TASK DETAILS: Transcribe the entries that come next exactly, but not the pictures they contain.

Stored items from a collection:
== Segment start ==

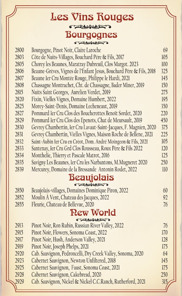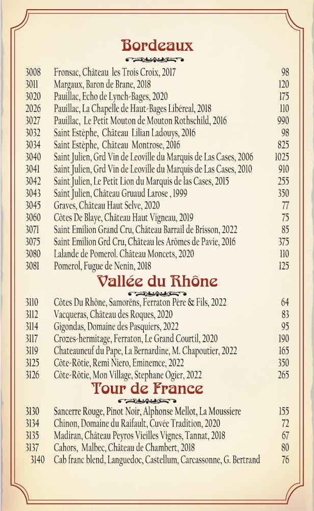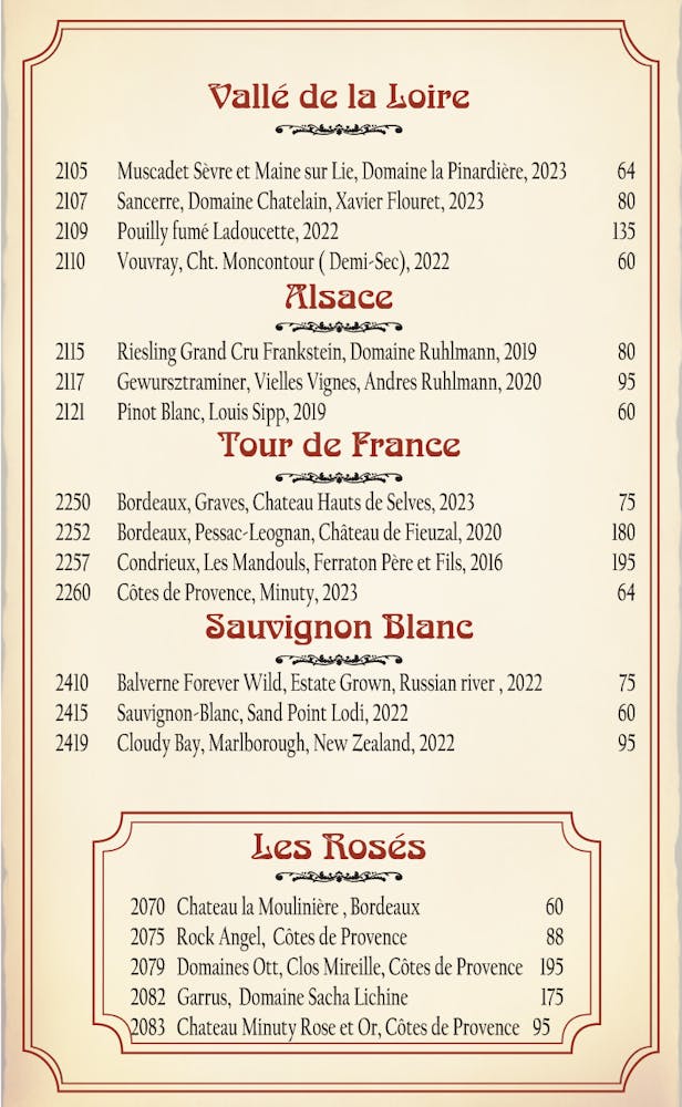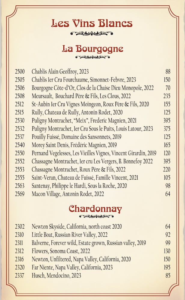 - Wine List
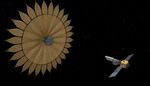 This artist's rendering shows the proposed starshade flying in sync with a space telescope. The giant sunflower-like structure would be used to acquire images of Earth-like rocky planets around nearby stars.
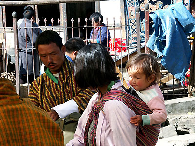 One of the creative uses of yathras is to make a baby papoose, a common sight in Bhutan.
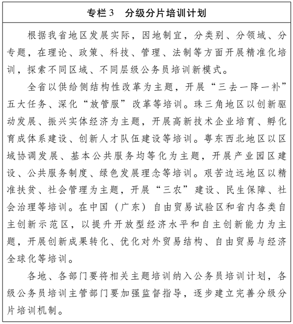 (五)改革创新能力。坚持将公务员教育培训与我省全面深化改革实践紧密结合,深入学习“三个定位、两个率先”目标内涵和要求,围绕国资国企、产权保护、价格财税金融、对外开放、养老保险等五大关键领域改革遇到的问题,深入开展简政放权、放管结合、优化服务等内容培训,培养各级公务员改革创新思维和攻坚意识,丰富政策知识储备,提高改革创新能力和推进经济社会和谐发展的能力。 (六)专门业务培训。坚持干什么学什么,缺什么补什么,抓好履职基本功训练,有针对性地开展岗位必备知识培训,加强与业务工作密切相关的各种新理论、新知识、新技能的培训,切实提高公务员的专业素养和履职能力。 三、主要任务和措施 (一)加强制度建设,提高管理水平。健全以需求为导向的培训计划生成机制,将需求调研作为编制培训计划的必要环节。落实和完善办学质量评估办法和指标体系,坚持定量与定性、激励与约束相结合,定期开展教学和管理评估。建立评估档案管理和评估反馈机制,把评估结果作为安排培训机构承担培训任务的重要依据。强化行政机关公务员培训激励约束机制,实现培训与考核、任职、晋升等环节紧密结合。健全培训档案,如实记录参加培训情况和考核结果。将参加脱产培训情况记入公务员年度考核登记表,参加2个月以上脱产培训情况记入干部任免审批表。 (二)分级分片指导,服务中心工作。围绕省委、省政府中心工作,针对不同层级、不同地区公务员工作实际需求,分片指导、分级负责,加快建设“层级清晰、地域协同、主题鲜明”的公务员培训体系。在全省范围内以供给侧结构性改革为主题,重点以推进产业结构调整、构建创新型经济格局为内容开展培训;在珠三角地区以创新驱动发展为主题,重点以转换发展动能、推动制造业与服务业协同发展为内容开展培训;在粤东西北地区以区域协调发展、基本公共服务均等化为主题,重点以推动产业园区提质增效、加强生态保护为内容开展培训。
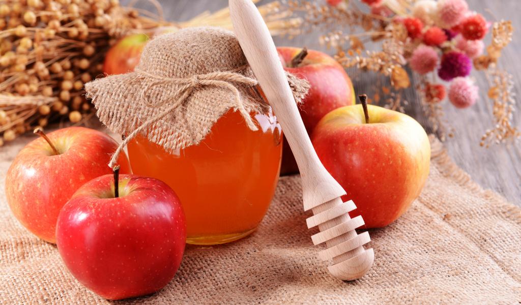 Wallpaper Nuts, honey, apples and pastries with raisins on the table for the holiday
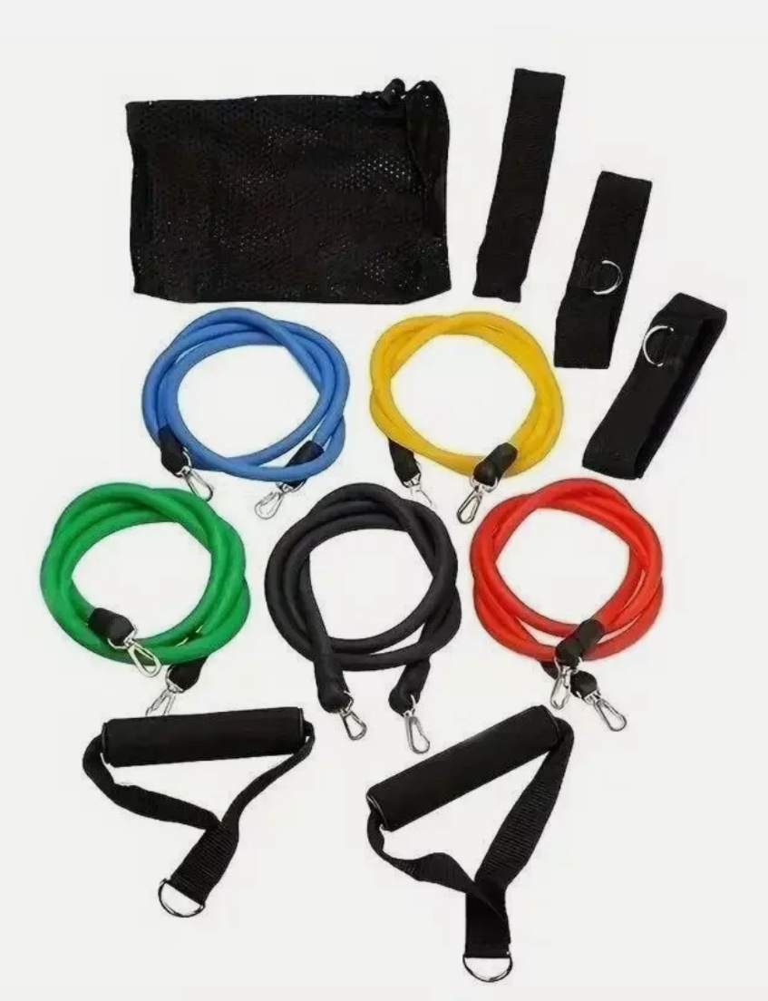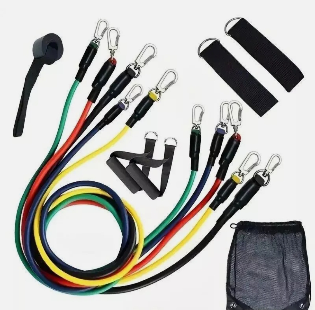 Lleva tu entrenamiento al siguiente nivel, en casa o donde quieras, con nuestro completo Set Profesional de 11 Bandas de Resistencia. Ideal para fitness, yoga, pilates, rehabilitación y entrenamiento de fuerza, este kit te ofrece una versatilidad inigualable para trabajar cada grupo muscular.

== Segment end ==

SOLUTION TO THIS PROBLEM:
 - Wine List
 This artist's rendering shows the proposed starshade flying in sync with a space telescope. The giant sunflower-like structure would be used to acquire images of Earth-like rocky planets around nearby stars.
 One of the creative uses of yathras is to make a baby papoose, a common sight in Bhutan.
 (五)改革创新能力。坚持将公务员教育培训与我省全面深化改革实践紧密结合,深入学习“三个定位、两个率先”目标内涵和要求,围绕国资国企、产权保护、价格财税金融、对外开放、养老保险等五大关键领域改革遇到的问题,深入开展简政放权、放管结合、优化服务等内容培训,培养各级公务员改革创新思维和攻坚意识,丰富政策知识储备,提高改革创新能力和推进经济社会和谐发展的能力。 (六)专门业务培训。坚持干什么学什么,缺什么补什么,抓好履职基本功训练,有针对性地开展岗位必备知识培训,加强与业务工作密切相关的各种新理论、新知识、新技能的培训,切实提高公务员的专业素养和履职能力。 三、主要任务和措施 (一)加强制度建设,提高管理水平。健全以需求为导向的培训计划生成机制,将需求调研作为编制培训计划的必要环节。落实和完善办学质量评估办法和指标体系,坚持定量与定性、激励与约束相结合,定期开展教学和管理评估。建立评估档案管理和评估反馈机制,把评估结果作为安排培训机构承担培训任务的重要依据。强化行政机关公务员培训激励约束机制,实现培训与考核、任职、晋升等环节紧密结合。健全培训档案,如实记录参加培训情况和考核结果。将参加脱产培训情况记入公务员年度考核登记表,参加2个月以上脱产培训情况记入干部任免审批表。 (二)分级分片指导,服务中心工作。围绕省委、省政府中心工作,针对不同层级、不同地区公务员工作实际需求,分片指导、分级负责,加快建设“层级清晰、地域协同、主题鲜明”的公务员培训体系。在全省范围内以供给侧结构性改革为主题,重点以推进产业结构调整、构建创新型经济格局为内容开展培训;在珠三角地区以创新驱动发展为主题,重点以转换发展动能、推动制造业与服务业协同发展为内容开展培训;在粤东西北地区以区域协调发展、基本公共服务均等化为主题,重点以推动产业园区提质增效、加强生态保护为内容开展培训。
 Wallpaper Nuts, honey, apples and pastries with raisins on the table for the holiday
 Lleva tu entrenamiento al siguiente nivel, en casa o donde quieras, con nuestro completo Set Profesional de 11 Bandas de Resistencia. Ideal para fitness, yoga, pilates, rehabilitación y entrenamiento de fuerza, este kit te ofrece una versatilidad inigualable para trabajar cada grupo muscular.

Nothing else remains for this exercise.